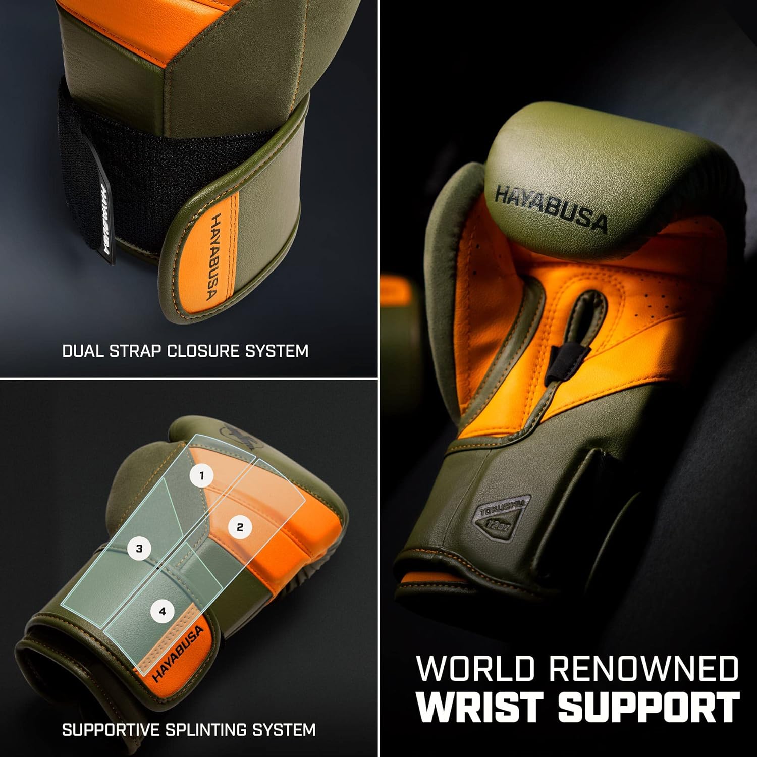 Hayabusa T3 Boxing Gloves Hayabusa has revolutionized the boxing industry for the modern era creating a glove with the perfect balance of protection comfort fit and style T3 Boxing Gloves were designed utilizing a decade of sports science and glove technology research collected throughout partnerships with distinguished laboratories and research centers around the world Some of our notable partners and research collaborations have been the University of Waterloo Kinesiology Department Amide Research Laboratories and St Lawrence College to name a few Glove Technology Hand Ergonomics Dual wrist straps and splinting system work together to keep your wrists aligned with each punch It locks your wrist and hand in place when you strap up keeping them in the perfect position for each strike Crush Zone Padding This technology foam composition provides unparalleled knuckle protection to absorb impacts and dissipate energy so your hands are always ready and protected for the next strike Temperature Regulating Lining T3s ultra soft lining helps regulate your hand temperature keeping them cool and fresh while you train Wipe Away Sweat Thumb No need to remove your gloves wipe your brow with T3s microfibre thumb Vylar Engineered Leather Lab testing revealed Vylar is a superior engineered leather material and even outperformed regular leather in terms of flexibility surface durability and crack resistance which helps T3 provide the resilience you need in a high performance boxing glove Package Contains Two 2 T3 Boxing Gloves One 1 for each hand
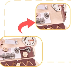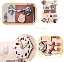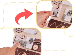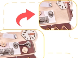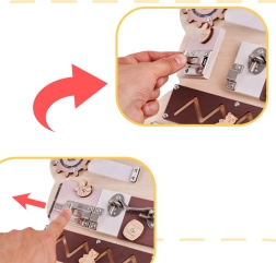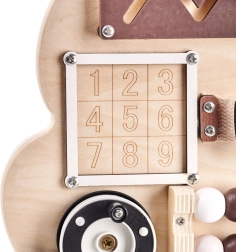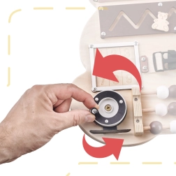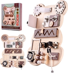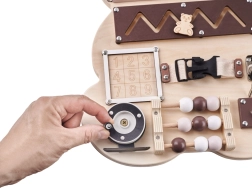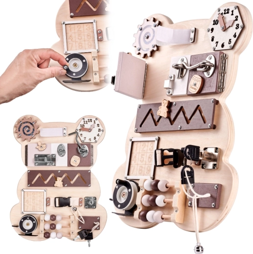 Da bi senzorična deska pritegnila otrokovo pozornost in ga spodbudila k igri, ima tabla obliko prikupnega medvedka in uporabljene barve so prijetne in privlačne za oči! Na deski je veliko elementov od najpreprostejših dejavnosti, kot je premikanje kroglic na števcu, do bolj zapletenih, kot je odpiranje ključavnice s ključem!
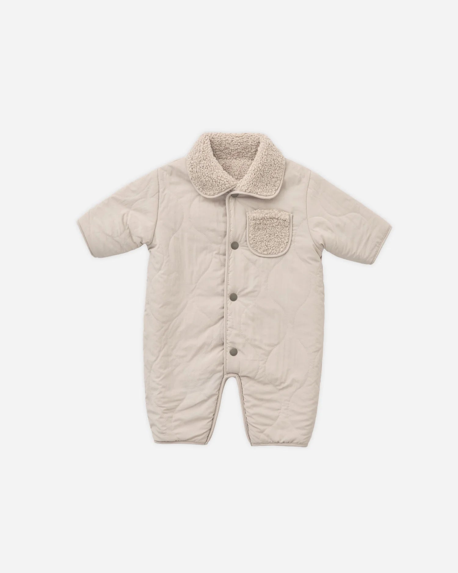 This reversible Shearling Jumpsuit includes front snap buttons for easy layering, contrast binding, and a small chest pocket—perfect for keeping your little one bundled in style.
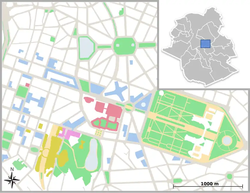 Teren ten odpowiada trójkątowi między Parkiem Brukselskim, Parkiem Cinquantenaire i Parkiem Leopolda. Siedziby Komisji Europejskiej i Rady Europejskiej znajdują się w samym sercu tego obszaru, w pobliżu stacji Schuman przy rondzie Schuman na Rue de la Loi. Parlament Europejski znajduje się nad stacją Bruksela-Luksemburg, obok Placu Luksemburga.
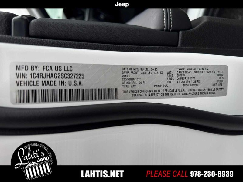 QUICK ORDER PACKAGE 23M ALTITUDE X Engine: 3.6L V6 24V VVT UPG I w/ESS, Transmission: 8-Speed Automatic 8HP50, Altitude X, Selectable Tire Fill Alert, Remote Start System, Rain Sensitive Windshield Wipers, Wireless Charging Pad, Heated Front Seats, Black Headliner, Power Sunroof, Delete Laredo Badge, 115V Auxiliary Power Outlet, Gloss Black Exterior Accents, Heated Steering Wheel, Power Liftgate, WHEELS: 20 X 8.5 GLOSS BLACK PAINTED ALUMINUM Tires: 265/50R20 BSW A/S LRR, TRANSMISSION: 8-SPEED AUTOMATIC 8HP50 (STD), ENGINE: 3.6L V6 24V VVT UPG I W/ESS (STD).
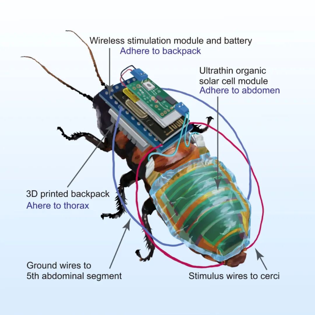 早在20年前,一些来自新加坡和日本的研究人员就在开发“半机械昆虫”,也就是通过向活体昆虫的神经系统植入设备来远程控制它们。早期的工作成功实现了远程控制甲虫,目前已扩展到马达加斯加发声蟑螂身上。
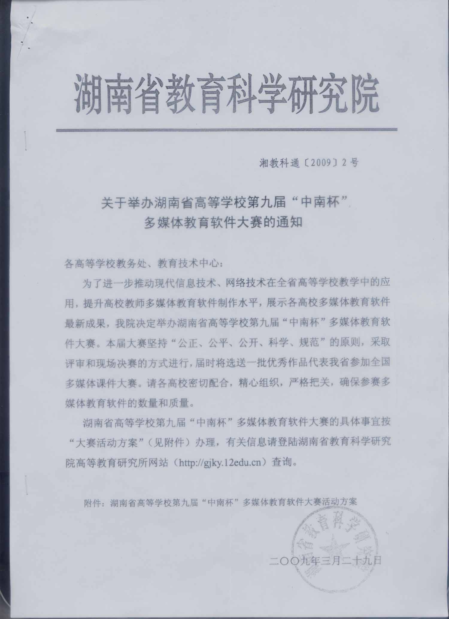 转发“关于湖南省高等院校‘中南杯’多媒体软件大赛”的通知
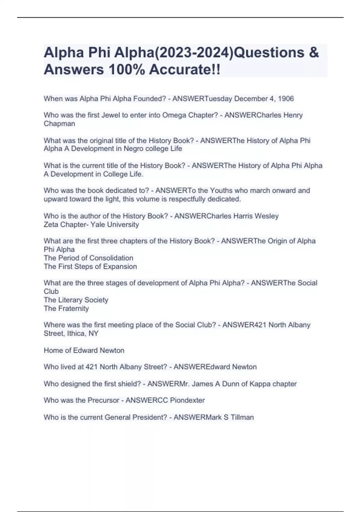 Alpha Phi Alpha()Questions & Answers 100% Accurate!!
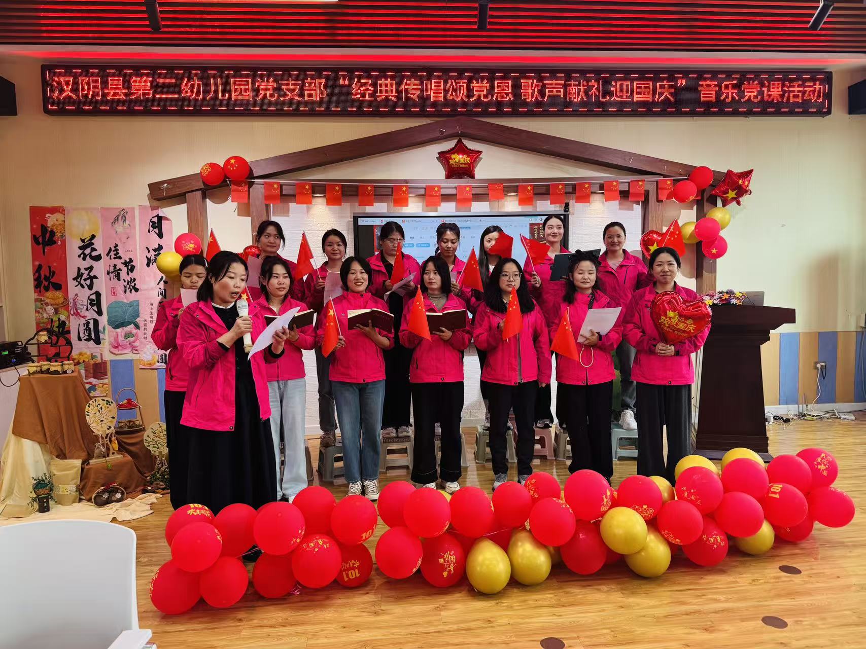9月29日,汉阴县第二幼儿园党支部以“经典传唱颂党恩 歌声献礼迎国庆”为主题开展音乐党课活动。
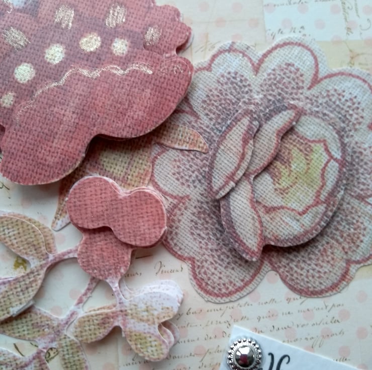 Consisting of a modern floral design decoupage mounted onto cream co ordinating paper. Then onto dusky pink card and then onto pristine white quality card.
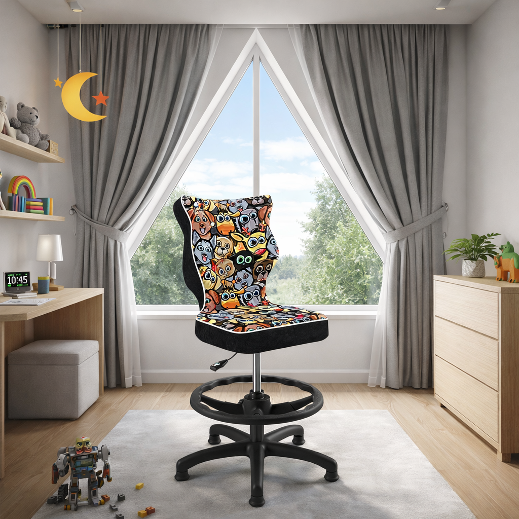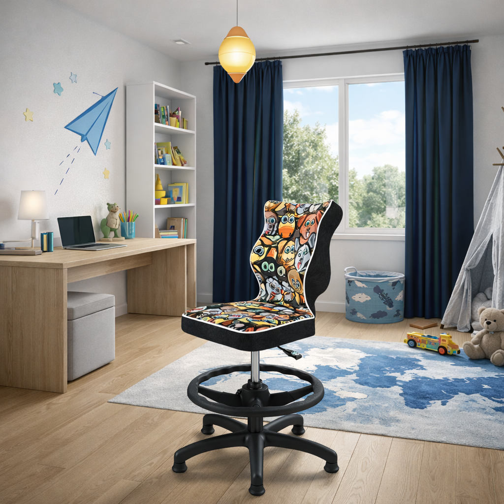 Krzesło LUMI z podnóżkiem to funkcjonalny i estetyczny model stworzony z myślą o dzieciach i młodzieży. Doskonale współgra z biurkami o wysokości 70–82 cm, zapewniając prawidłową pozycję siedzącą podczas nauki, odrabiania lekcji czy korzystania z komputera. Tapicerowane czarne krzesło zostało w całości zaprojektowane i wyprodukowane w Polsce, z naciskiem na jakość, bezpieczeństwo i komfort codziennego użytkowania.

- - - -

EXERCISE GOAL ▸ Output each line exactly as shown above; no pictures go in the copy.

RESULT FOR THIS TASK ▸
 Hayabusa T3 Boxing Gloves Hayabusa has revolutionized the boxing industry for the modern era creating a glove with the perfect balance of protection comfort fit and style T3 Boxing Gloves were designed utilizing a decade of sports science and glove technology research collected throughout partnerships with distinguished laboratories and research centers around the world Some of our notable partners and research collaborations have been the University of Waterloo Kinesiology Department Amide Research Laboratories and St Lawrence College to name a few Glove Technology Hand Ergonomics Dual wrist straps and splinting system work together to keep your wrists aligned with each punch It locks your wrist and hand in place when you strap up keeping them in the perfect position for each strike Crush Zone Padding This technology foam composition provides unparalleled knuckle protection to absorb impacts and dissipate energy so your hands are always ready and protected for the next strike Temperature Regulating Lining T3s ultra soft lining helps regulate your hand temperature keeping them cool and fresh while you train Wipe Away Sweat Thumb No need to remove your gloves wipe your brow with T3s microfibre thumb Vylar Engineered Leather Lab testing revealed Vylar is a superior engineered leather material and even outperformed regular leather in terms of flexibility surface durability and crack resistance which helps T3 provide the resilience you need in a high performance boxing glove Package Contains Two 2 T3 Boxing Gloves One 1 for each hand
 Da bi senzorična deska pritegnila otrokovo pozornost in ga spodbudila k igri, ima tabla obliko prikupnega medvedka in uporabljene barve so prijetne in privlačne za oči! Na deski je veliko elementov od najpreprostejših dejavnosti, kot je premikanje kroglic na števcu, do bolj zapletenih, kot je odpiranje ključavnice s ključem!
 This reversible Shearling Jumpsuit includes front snap buttons for easy layering, contrast binding, and a small chest pocket—perfect for keeping your little one bundled in style.
 Teren ten odpowiada trójkątowi między Parkiem Brukselskim, Parkiem Cinquantenaire i Parkiem Leopolda. Siedziby Komisji Europejskiej i Rady Europejskiej znajdują się w samym sercu tego obszaru, w pobliżu stacji Schuman przy rondzie Schuman na Rue de la Loi. Parlament Europejski znajduje się nad stacją Bruksela-Luksemburg, obok Placu Luksemburga.
 QUICK ORDER PACKAGE 23M ALTITUDE X Engine: 3.6L V6 24V VVT UPG I w/ESS, Transmission: 8-Speed Automatic 8HP50, Altitude X, Selectable Tire Fill Alert, Remote Start System, Rain Sensitive Windshield Wipers, Wireless Charging Pad, Heated Front Seats, Black Headliner, Power Sunroof, Delete Laredo Badge, 115V Auxiliary Power Outlet, Gloss Black Exterior Accents, Heated Steering Wheel, Power Liftgate, WHEELS: 20 X 8.5 GLOSS BLACK PAINTED ALUMINUM Tires: 265/50R20 BSW A/S LRR, TRANSMISSION: 8-SPEED AUTOMATIC 8HP50 (STD), ENGINE: 3.6L V6 24V VVT UPG I W/ESS (STD).
 早在20年前,一些来自新加坡和日本的研究人员就在开发“半机械昆虫”,也就是通过向活体昆虫的神经系统植入设备来远程控制它们。早期的工作成功实现了远程控制甲虫,目前已扩展到马达加斯加发声蟑螂身上。
 转发“关于湖南省高等院校‘中南杯’多媒体软件大赛”的通知
 Alpha Phi Alpha()Questions & Answers 100% Accurate!!
9月29日,汉阴县第二幼儿园党支部以“经典传唱颂党恩 歌声献礼迎国庆”为主题开展音乐党课活动。
 Consisting of a modern floral design decoupage mounted onto cream co ordinating paper. Then onto dusky pink card and then onto pristine white quality card.
 Krzesło LUMI z podnóżkiem to funkcjonalny i estetyczny model stworzony z myślą o dzieciach i młodzieży. Doskonale współgra z biurkami o wysokości 70–82 cm, zapewniając prawidłową pozycję siedzącą podczas nauki, odrabiania lekcji czy korzystania z komputera. Tapicerowane czarne krzesło zostało w całości zaprojektowane i wyprodukowane w Polsce, z naciskiem na jakość, bezpieczeństwo i komfort codziennego użytkowania.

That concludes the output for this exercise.